▶ **Task prompt**
In the entries that follow, the lines from the line containing "Ducha manual metálica" up to and including the line containing "Поперечина для змагань" must be copied exactly, with pictures omitted.

▶ **Data to process**
[Start of section]

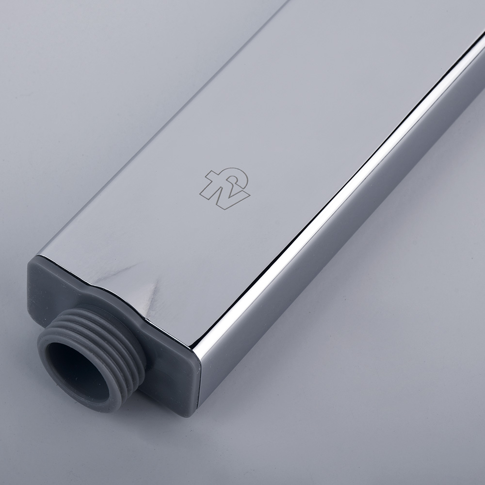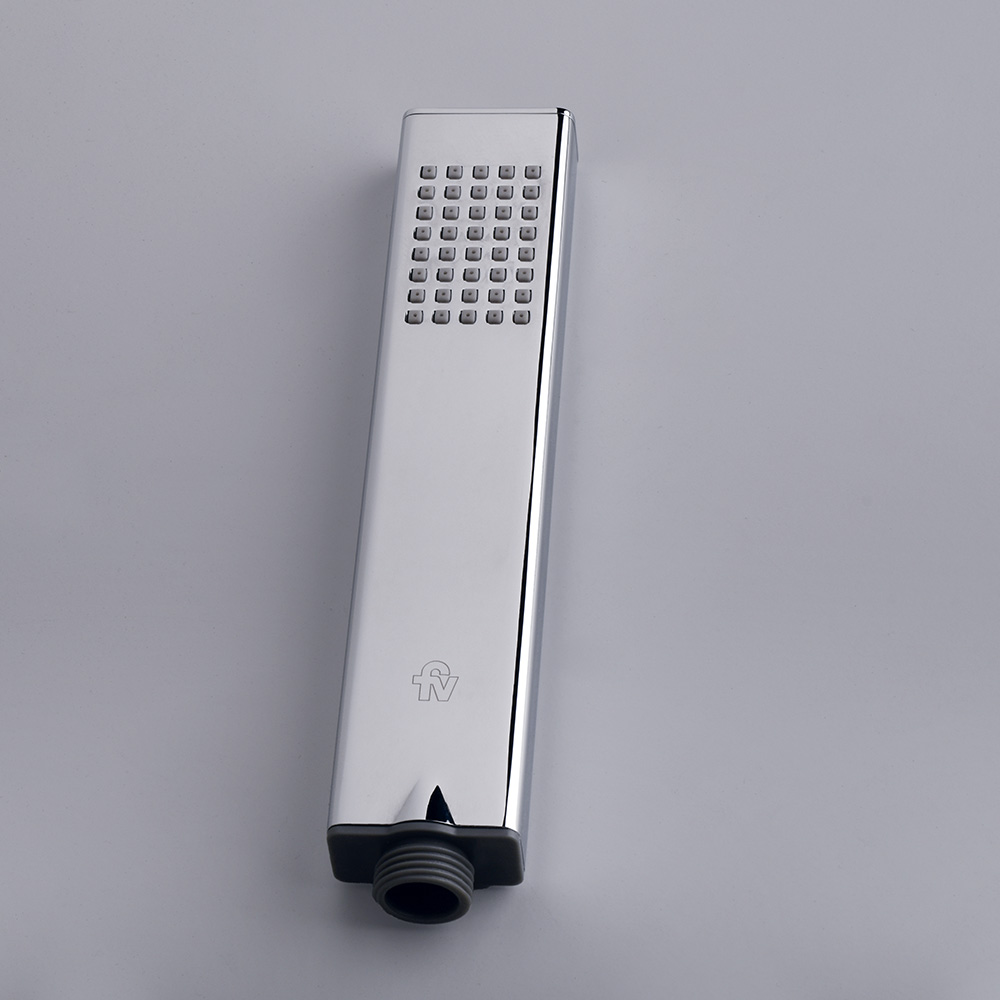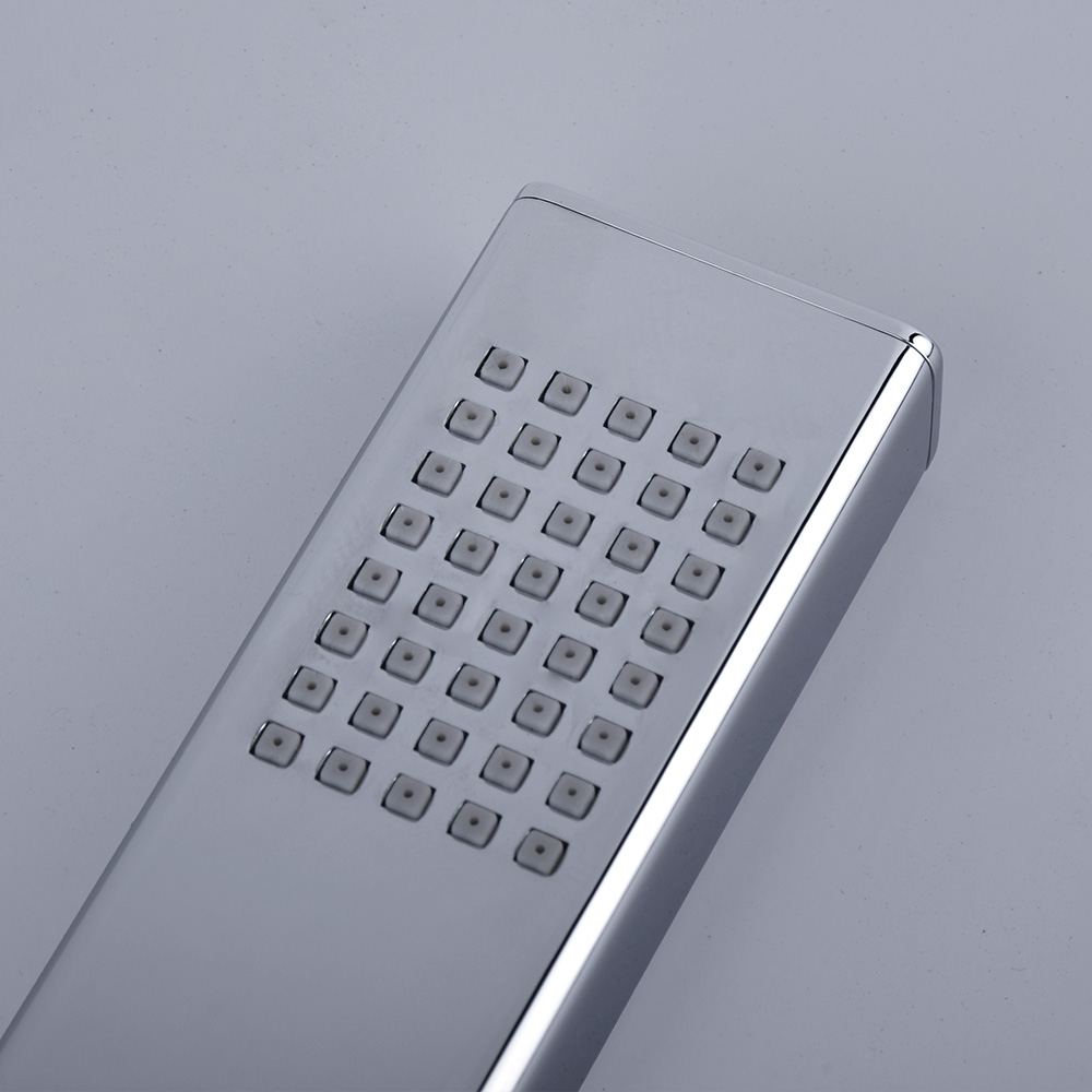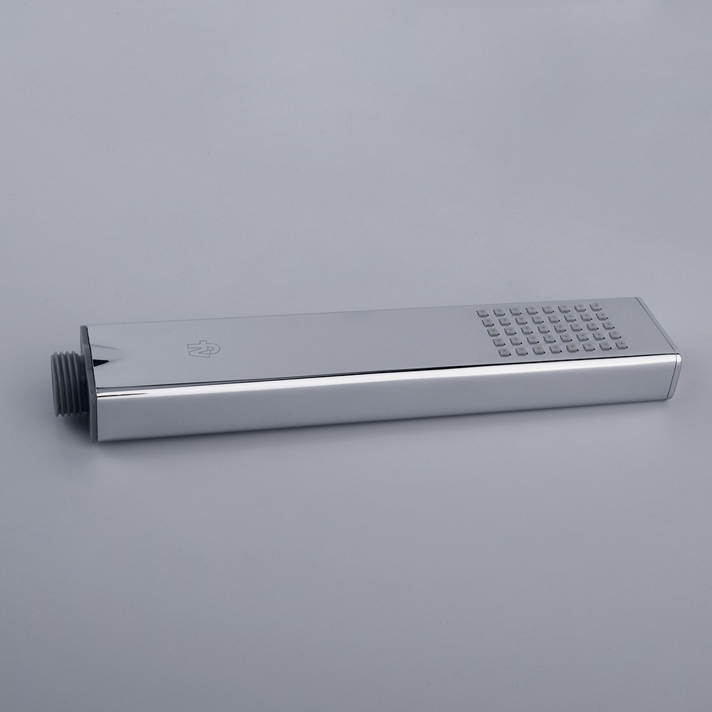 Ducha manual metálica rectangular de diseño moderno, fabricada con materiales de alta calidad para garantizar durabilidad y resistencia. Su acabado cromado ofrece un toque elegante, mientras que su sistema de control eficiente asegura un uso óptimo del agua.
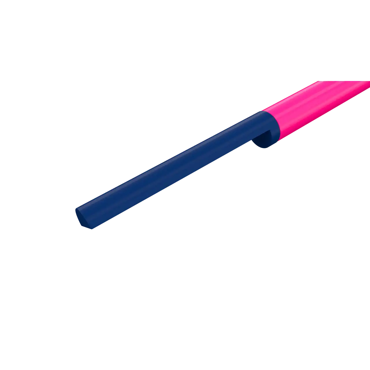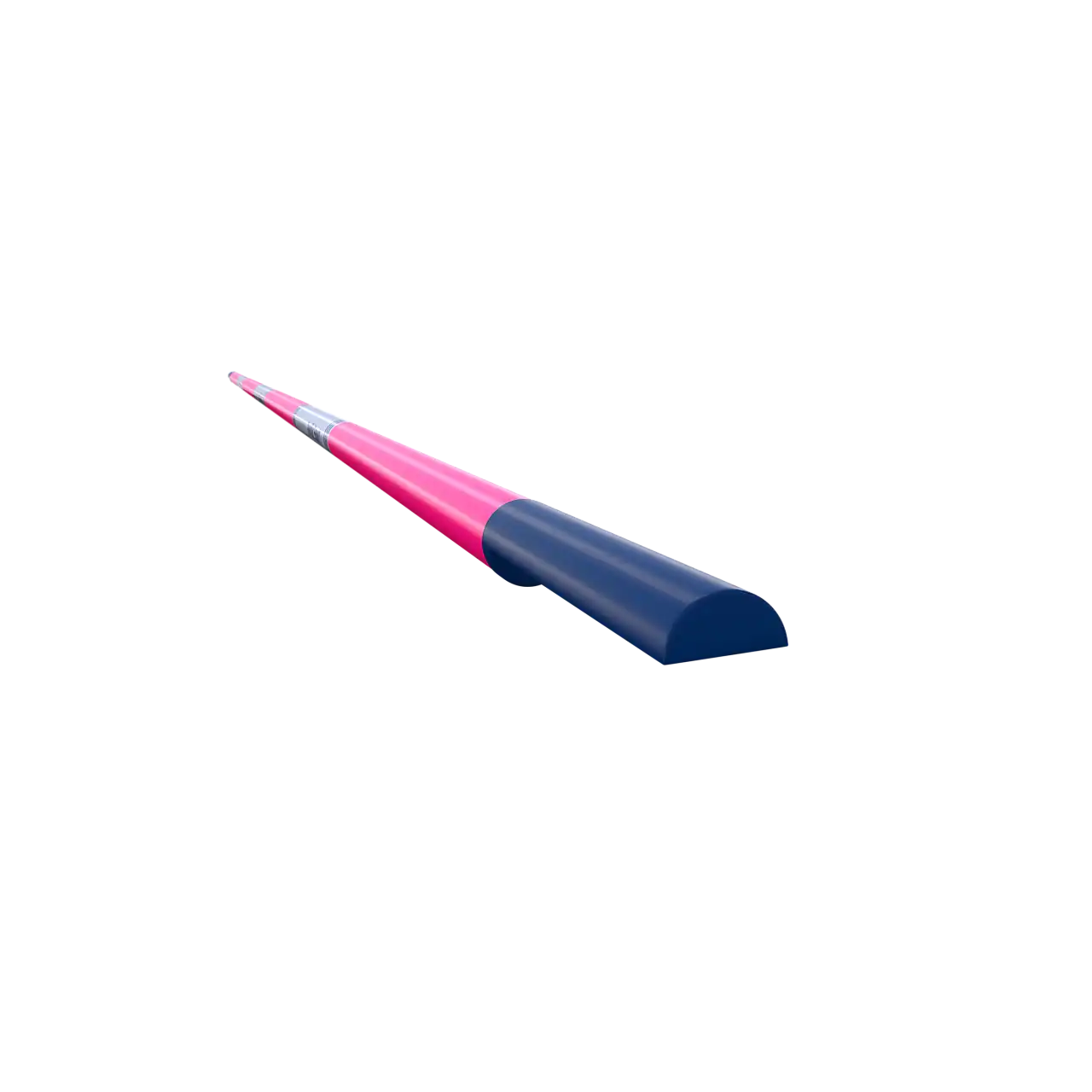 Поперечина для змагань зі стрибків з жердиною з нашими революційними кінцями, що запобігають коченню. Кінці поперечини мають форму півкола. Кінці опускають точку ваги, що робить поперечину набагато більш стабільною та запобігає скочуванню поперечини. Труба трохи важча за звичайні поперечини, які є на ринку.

[End of section]
[Start of section]

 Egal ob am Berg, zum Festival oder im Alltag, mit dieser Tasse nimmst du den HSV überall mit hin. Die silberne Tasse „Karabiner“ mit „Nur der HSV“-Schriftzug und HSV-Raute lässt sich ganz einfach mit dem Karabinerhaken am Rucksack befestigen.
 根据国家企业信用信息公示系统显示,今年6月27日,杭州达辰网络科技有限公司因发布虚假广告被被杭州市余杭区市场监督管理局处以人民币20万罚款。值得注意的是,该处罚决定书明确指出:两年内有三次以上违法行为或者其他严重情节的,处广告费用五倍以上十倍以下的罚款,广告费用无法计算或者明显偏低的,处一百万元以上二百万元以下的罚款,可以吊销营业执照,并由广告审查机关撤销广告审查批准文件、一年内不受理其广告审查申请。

[End of section]

▶ **Answer to this problem**
 Ducha manual metálica rectangular de diseño moderno, fabricada con materiales de alta calidad para garantizar durabilidad y resistencia. Su acabado cromado ofrece un toque elegante, mientras que su sistema de control eficiente asegura un uso óptimo del agua.
 Поперечина для змагань зі стрибків з жердиною з нашими революційними кінцями, що запобігають коченню. Кінці поперечини мають форму півкола. Кінці опускають точку ваги, що робить поперечину набагато більш стабільною та запобігає скочуванню поперечини. Труба трохи важча за звичайні поперечини, які є на ринку.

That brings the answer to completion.